Exclude the pictures and transcribe the rest of the data below exactly.

**Recorded information**

- - -

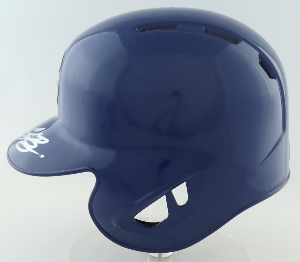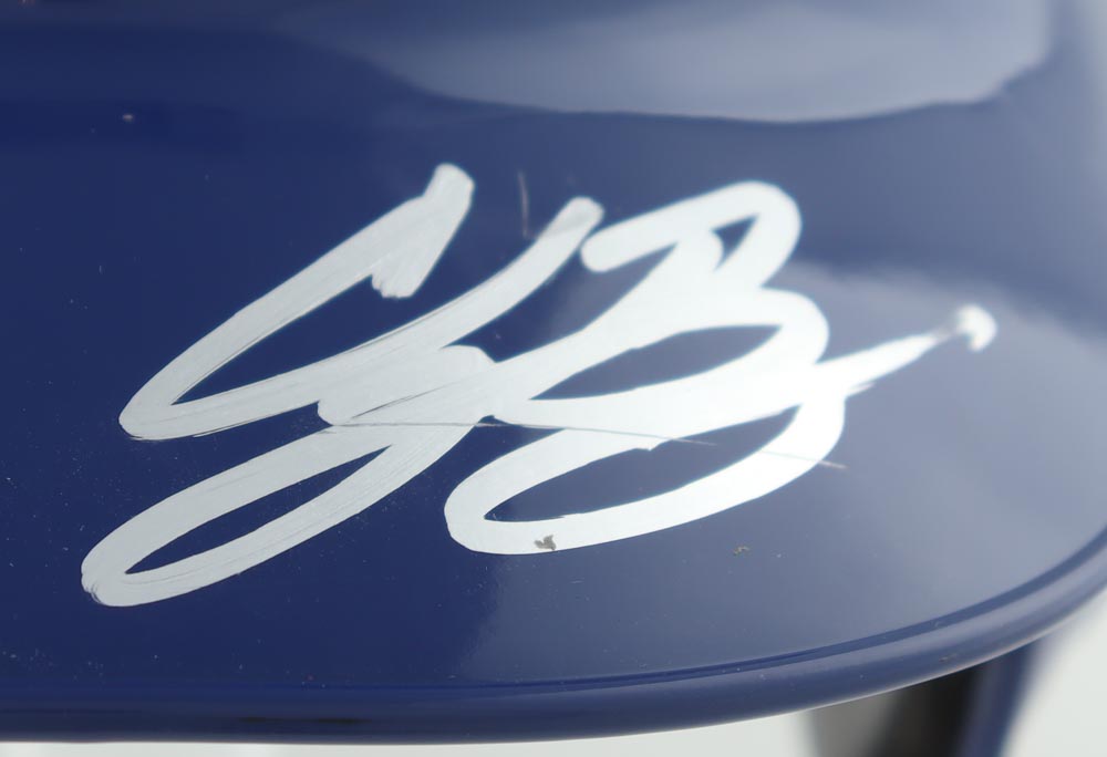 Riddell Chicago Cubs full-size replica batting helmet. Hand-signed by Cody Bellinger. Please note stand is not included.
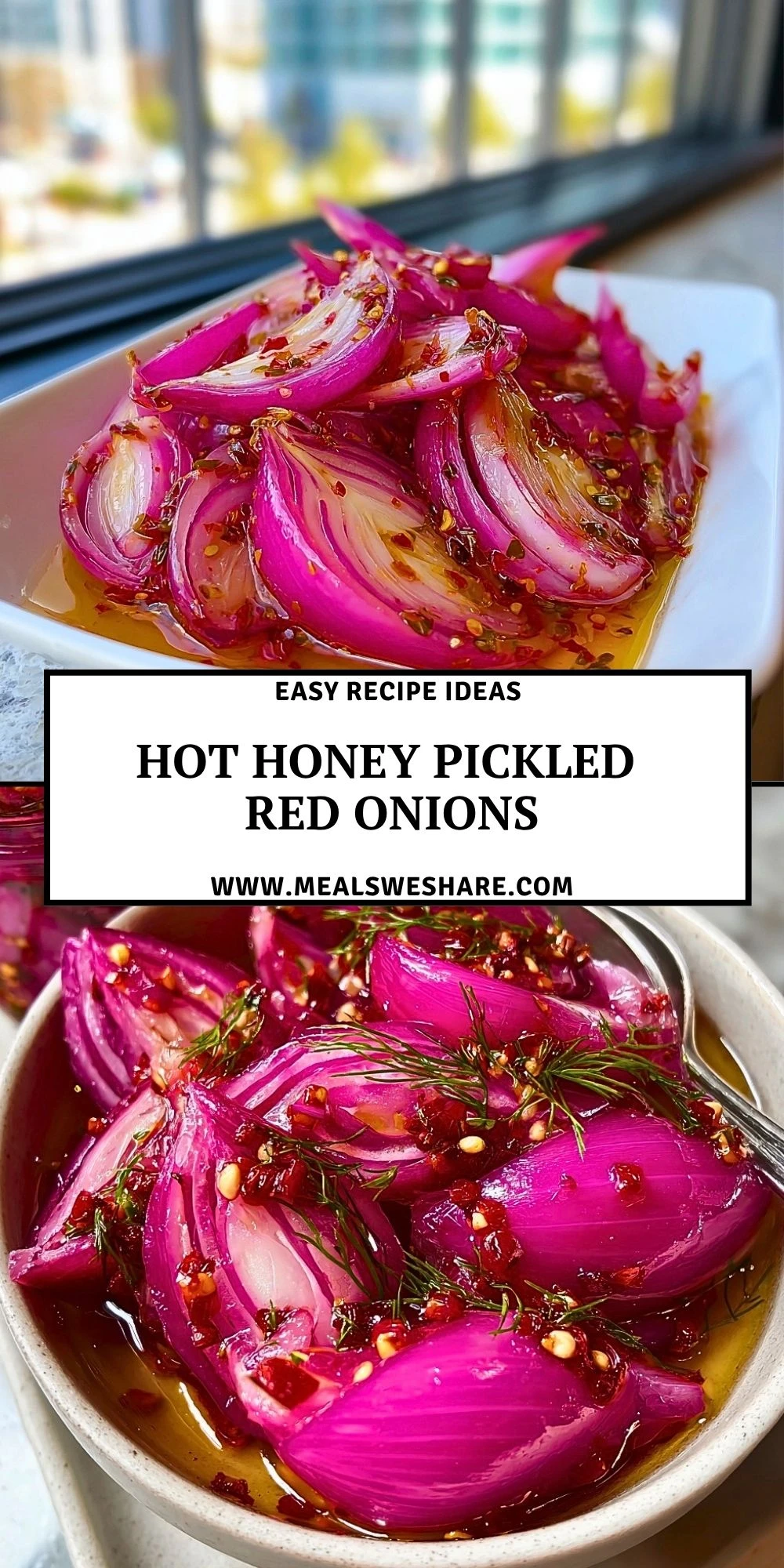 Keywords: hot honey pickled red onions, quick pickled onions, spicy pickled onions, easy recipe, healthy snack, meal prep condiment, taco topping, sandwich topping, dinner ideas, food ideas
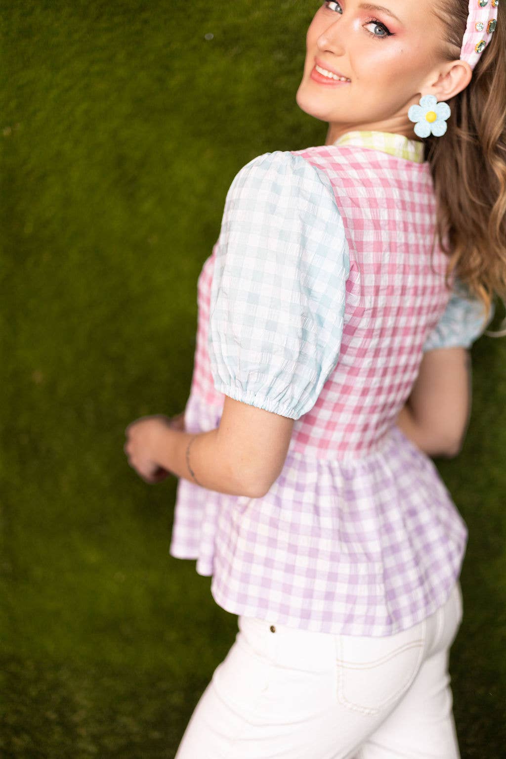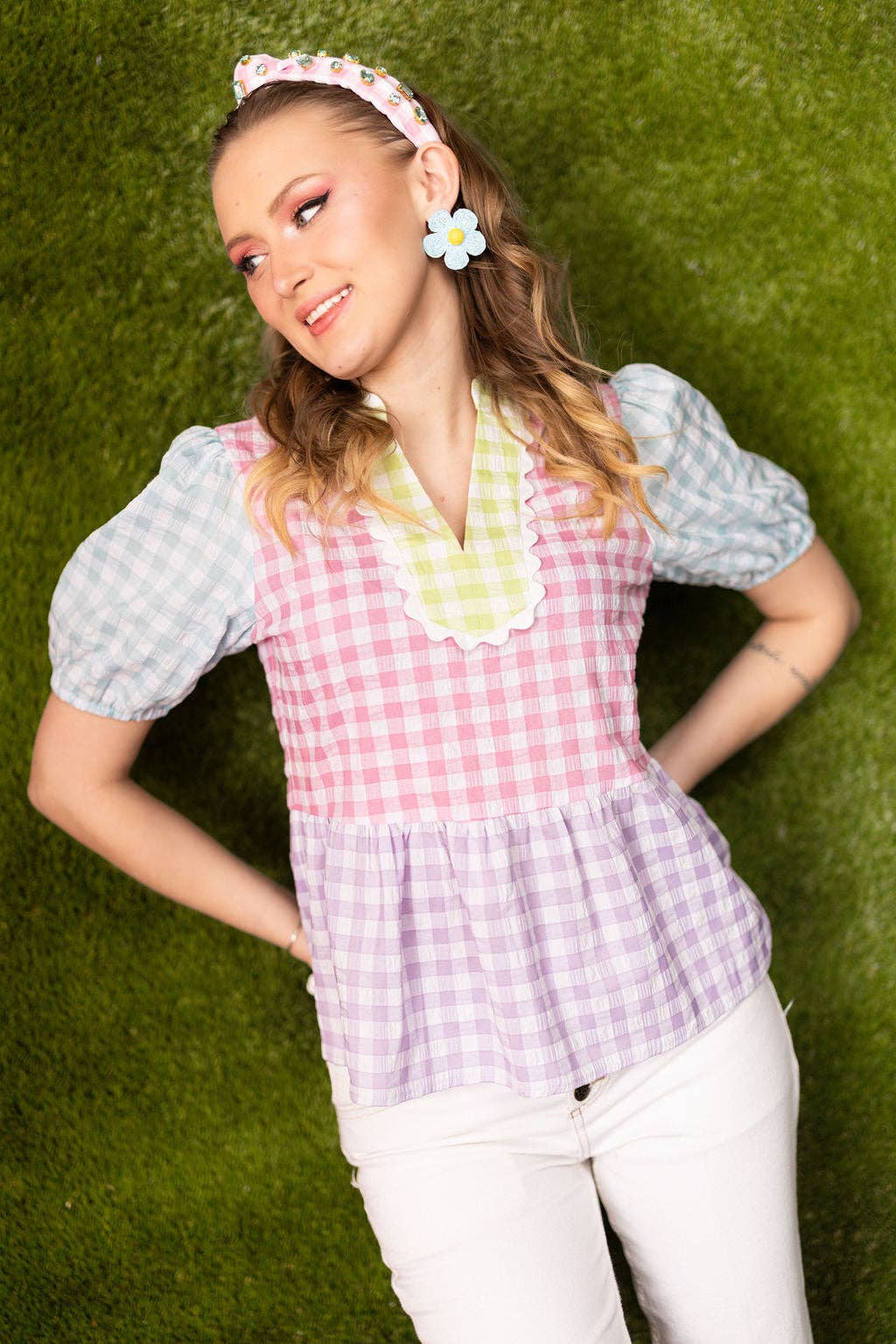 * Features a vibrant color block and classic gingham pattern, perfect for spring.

- - -

**Answer box**
 Riddell Chicago Cubs full-size replica batting helmet. Hand-signed by Cody Bellinger. Please note stand is not included.
 Keywords: hot honey pickled red onions, quick pickled onions, spicy pickled onions, easy recipe, healthy snack, meal prep condiment, taco topping, sandwich topping, dinner ideas, food ideas
 * Features a vibrant color block and classic gingham pattern, perfect for spring.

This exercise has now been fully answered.